Я очень любил ходить с ним по его коротким маршрутам. Его то и дело окликали и приветствовали - ученики знаменитой музыкальной школы "Жиллиард", актеры, танцоры, музыканты, родители "юных дарований", приехавшие забирать домой своих чад, - короче, все население Линкольн-центра. И всем им - маленьким девочкам, еле тащившим свои скрипки или балетную амуницию, их солидным родителям, пожилым билетершам, великим музыкантам - Георгий Мелитонович кланялся одинаково вежливо, учтиво и элегантно.

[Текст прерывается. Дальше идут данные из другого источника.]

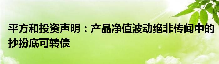 平方和投资声明:产品净值波动绝非传闻中的抄扮底可转债
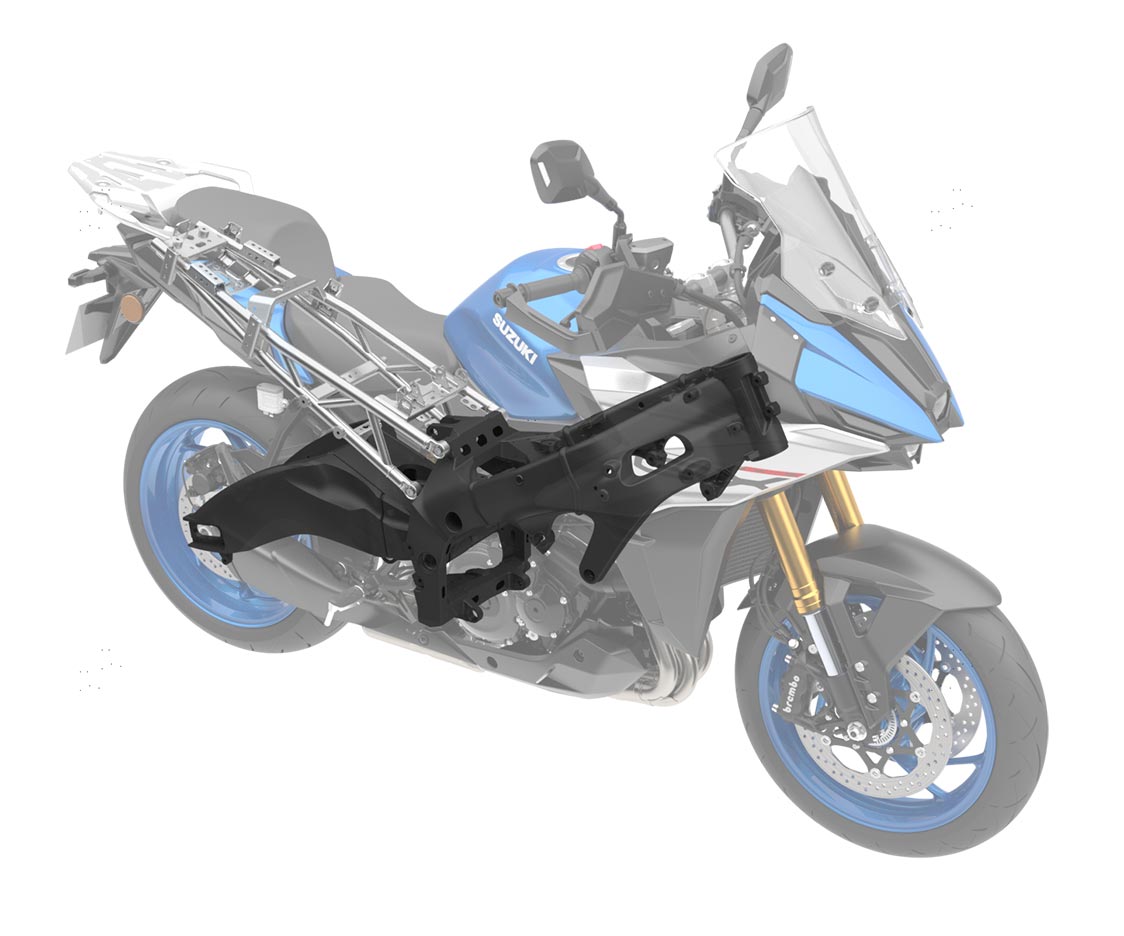Suzuki’s proven, twin-spar aluminum frame helps to ensure nimble handling and great road-holding ability. The GX+'s unique sub-frame design provides several benefits. It provides strong and secure attachment points for the side cases. Secondly, the short distance between the upper and lower rails makes it possible to increase the thickness of the rear seat for greater passenger comfort. Additionally, the exposed trellis design adds to the GSX-S1000GX+’s striking looks.
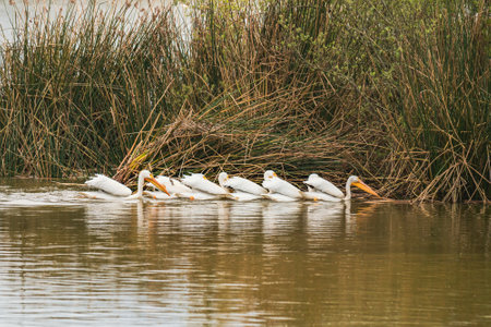 Pod of six White Pelicans swimming straight ahead side of estuary water working together to capture food to eat.
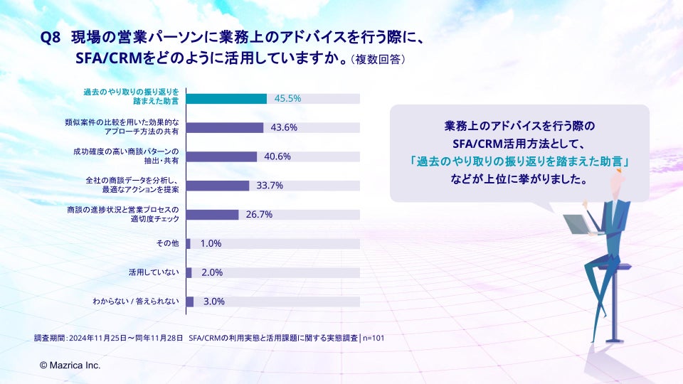 「Q8.現場の営業パーソンに業務上のアドバイスを行う際に、SFA/CRMをどのように活用していますか。(複数回答)」(n=101)と質問したところ、「過去のやり取りの振り返りを踏まえた助言」が45.5%、「類似案件の比較を用いた効果的なアプローチ方法の共有」が43.6%、「成功確度の高い商談パターンの抽出・共有」が40.6%という回答となりました。
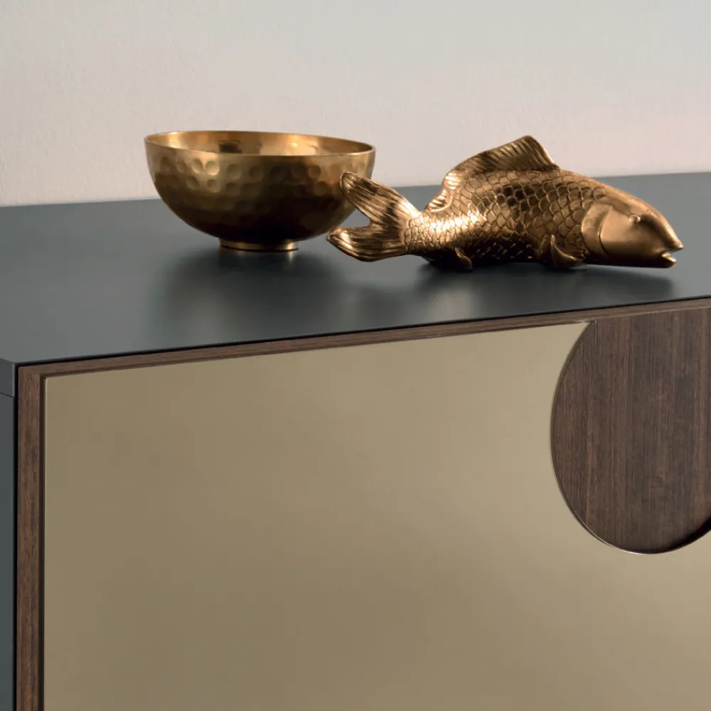 Wohnzimmer-Sideboard aus Melamin mit Glaseinsätzen mit Spiegeleffekt Made in Italy.
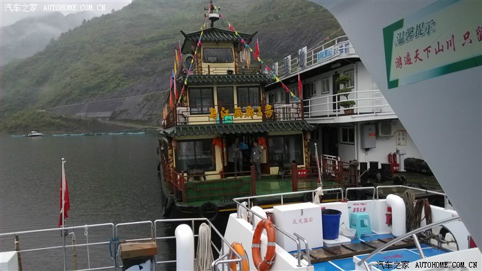 我们开车一会就到了码头,今天正好有上海的一个夕阳红旅团,还有五个成都的自架游等散客共有二十几人,刚好凑够一船否则的话只有等下午。如果下午去龚滩晚上就没有回程的船了。只有在那住一晚了。这次来游乌江画廊来的真不是时候,大雨冲毀了万足至龚滩的公路。本来可以水路走(每人一百贰拾元,一百元是船票,二十元是游龚滩古镇)。公路回(肯定用不了八十元)。现在每人二百元(其中20元是龚滩费)非掏不可。没办法出来就是花钱的!花就花吧!

Он был элегантен по всей своей человеческой и творческой сути. И в малом, и в большом. И в том, как он шел по улице, и в том, как он показывал рисунок танца своим питомцам. Он был изящен и элегантен и в строгом смокинге, и в бесформенных брюках-"мешках", в которых любил репетировать. Он был элегантен и чертовски красив даже в самые преклонные годы своей жизни. Он словно был ходячей иллюстрацией знаменитых чеховских слов о том, что в человеке все должно быть красиво. И он сам боготворил красоту.

"Скаковые лошади дневников не ведут"

В отличие от подавляющего большинства своих собратьев по ремеслу Баланчин сочинял балеты, импровизируя, не имея никаких планов, никаких заготовок, ничего, кроме музыки. Цитируя любимого им Наполеона, он ввязывался в сочинение танца со словами: "А там посмотрим". Как-то я заметил, что эту наполеоновскую фразу любил и Ленин. В глазах Баланчина мелькнула его знаменитая лукавинка: "Вот почему я покинул Россию после смерти Ленина". И увидев мое вытянутое от удивления лицо, добавил: "После смерти Ленина в России стало скучно".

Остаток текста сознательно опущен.